- I can choose to read His Word, or I can choose to fill my time with other things (that, frankly, border on the fatally dull at times).
- I can choose to spend time interceding and praising, or I can choose to have a heart that is busy and made of stone.
- I can choose to ask for help from Him or others, or I can bumble along like an ape in a glass menagerie.
One of the more difficult choices for me, but one that I have been having to come back to a lot recently has been the choice to see and confront my pride.
Stupid pride. Gets in the way of relationships and keeps real growth from happening in my life. Keeps me from running to Him when I stumble, mostly because I hate that I'm-not-even-remotely-as-self-sufficient-as-I-think-I-am feeling.
But if I can just admit that I'm wrong. Admit that I don't have it all together. Admit that I regularly return to my own vomit, then everything is ok. It all works out well, right? I've slapped my own hands and sent myself to the Corner of False Humility. The admission of sin is enough.
But, the thief's admission loses something, you see, when his hands are working to steal even as he finishes his confession.
Repent - A word that society has made into a lunatic on the street corner's cry.
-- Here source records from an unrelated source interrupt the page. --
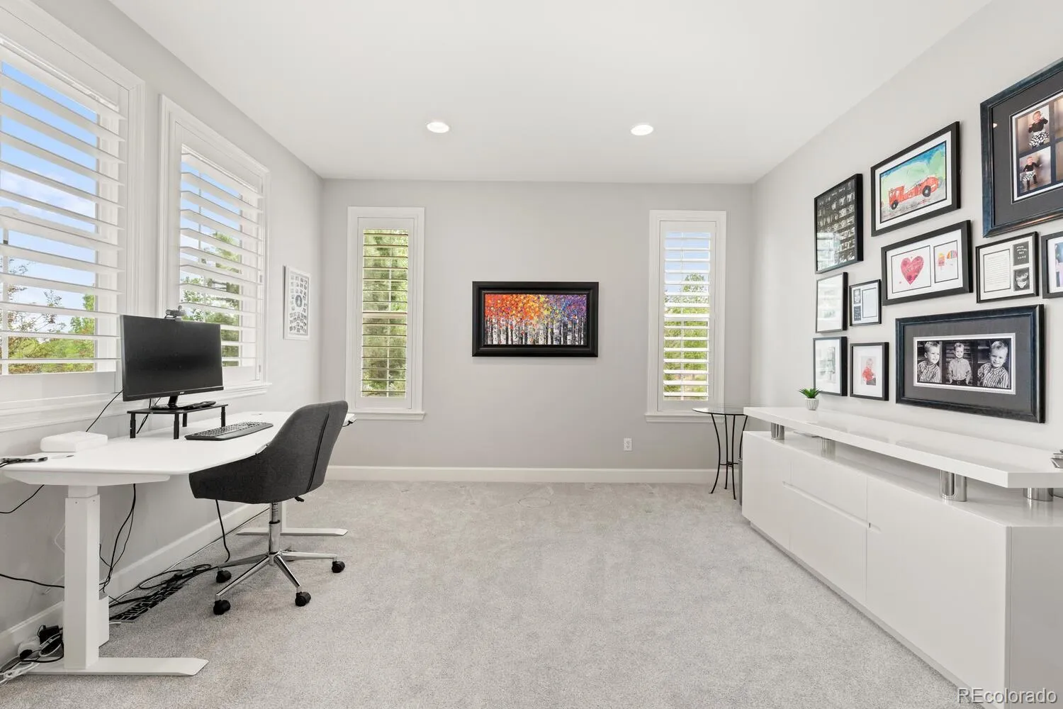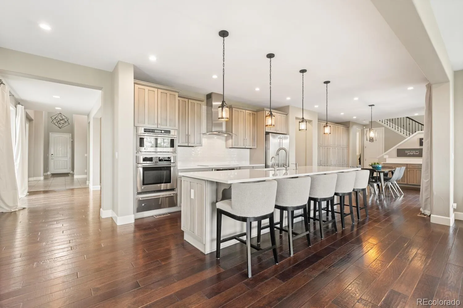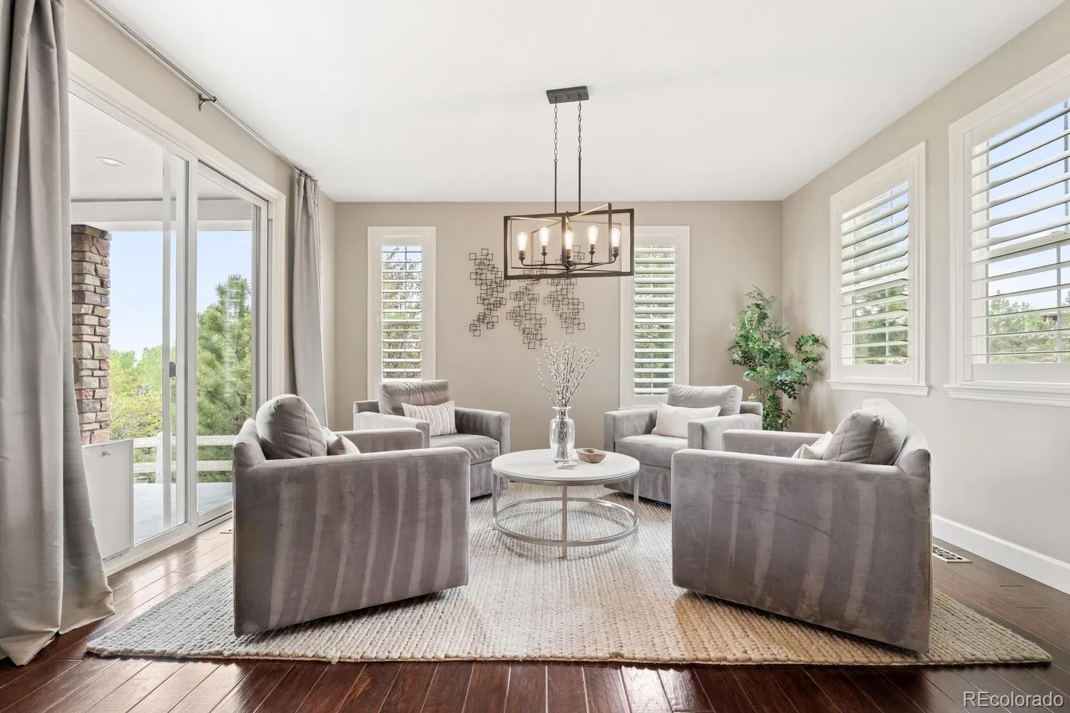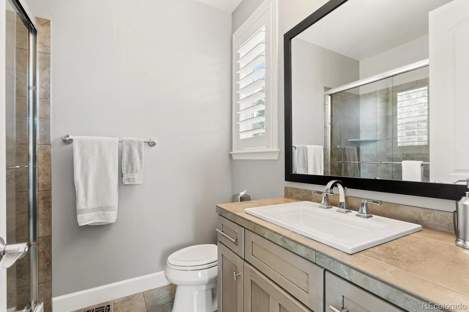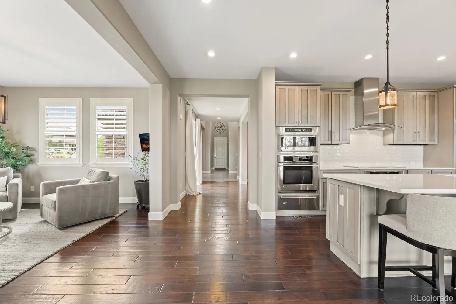 This meticulously maintained, move-in-ready home is nestled on a premium lot offering mountain views and designer finishes throughout. Upon entry, you’ll be greeted by vaulted ceilings, expansive mountain vistas, and exquisite lighting. The kitchen is an entertainer’s dream, equipped with high-end appliances, a large island, ample cabinetry, and an eat in kitchen with doors to patio. The main floor also features a private bedroom with an en suite, an office, dining room with a wet bar and sliding doors to a secluded patio, a great room, and a versatile bonus room. Upstairs, the spacious primary suite includes a fireplace, a sitting area, and a luxurious bath with dual sinks and a generous walk-in closet. Three additional bedrooms—two with en suite baths—along with a laundry room and a loft that opens to an upper deck with a hot tub, perfect for soaking in the mountain scenery, complete this level. The finished lower level offers a great room with a wet bar, a bonus room that could easily be converted into a bedroom, and a bathroom. This home also boasts a rare 4-car garage, front and rear staircases, and an in-ground trampoline. Step outside to your private patio and relax by the fireplace while enjoying breathtaking Colorado sunsets! Embrace the Backcountry lifestyle with resort-style pools, a fitness facility, trails, parks, ponds, and so much more.
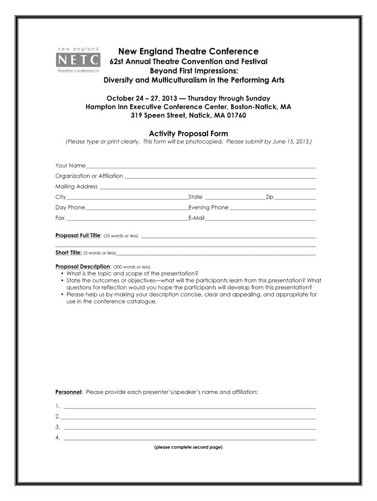 Get the free B2013b NETC Conference Proposal Form - New England Theatre bb - netconline
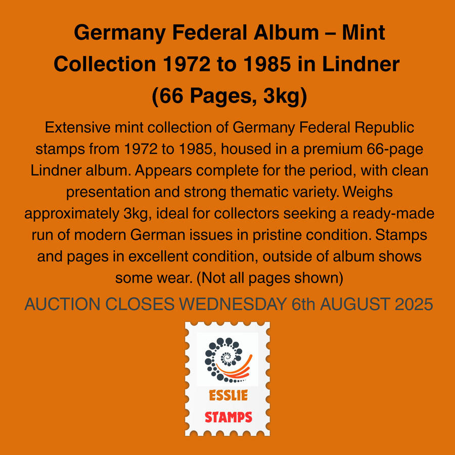 Extensive mint collection of Germany Federal Republic stamps from 1972 to 1985, housed in a premium 66-page Lindner album. Appears complete for the period, with clean presentation and strong thematic variety. Weighs approximately 3kg, ideal for collectors seeking a ready-made run of modern German issues in pristine condition. Stamps and pages in excellent condition, outside of album shows some wear.
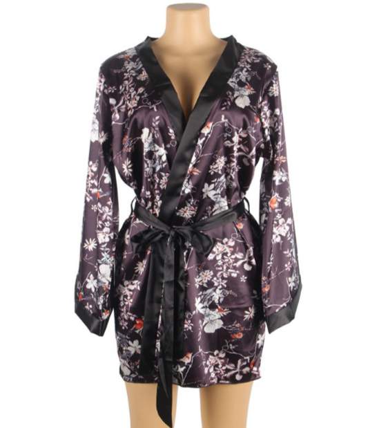 Струящийся атласный пеньюар подчеркнет Вашу красоту. Пеньюар выполнен в цветочных мотивах.
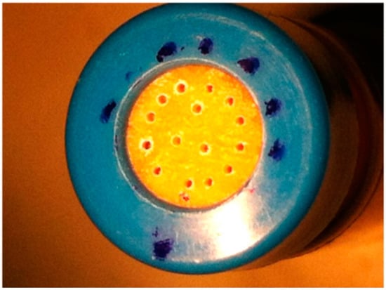 After this, the 12 nail discs in the “perforated” group were each drilled with 16 holes (Figure 2) using the Clearanail® device (Medical Device Treatment Ltd., Brighton, UK; www.clearanail.com), whilst the unperforated group nails were left intact. The Clearanail® device is a nail drill consisting of a motor unit and handle fitted with a single-use 0.4-mm carbide micro cutter. This nail drill is capable of quickly making holes in human nails, but automatically stops once it is through the nail plate to ensure that it does not damage the underlying soft tissue of the nail bed. Holes were drilled only at the start of the study.

Repent - A word that He has made into a call to hope - hope that we do not have to remain as we are, but that He gives us the power to throw aside the chains He long ago destroyed, and see the beauty of following Him.
Does He relentlessly love the ones He called? Yes.
Does He require a certain quota of good deeds or repented sins? No.
Are we who are His still covered by His grace? Yes.
All the more reason to repent.
And here it comes back to the choices in my life. I can choose to repent of my sin, or I can choose to simply admit that it's there. So now comes the hard part. . .
What choices do you make, and, more importantly, are they the right ones?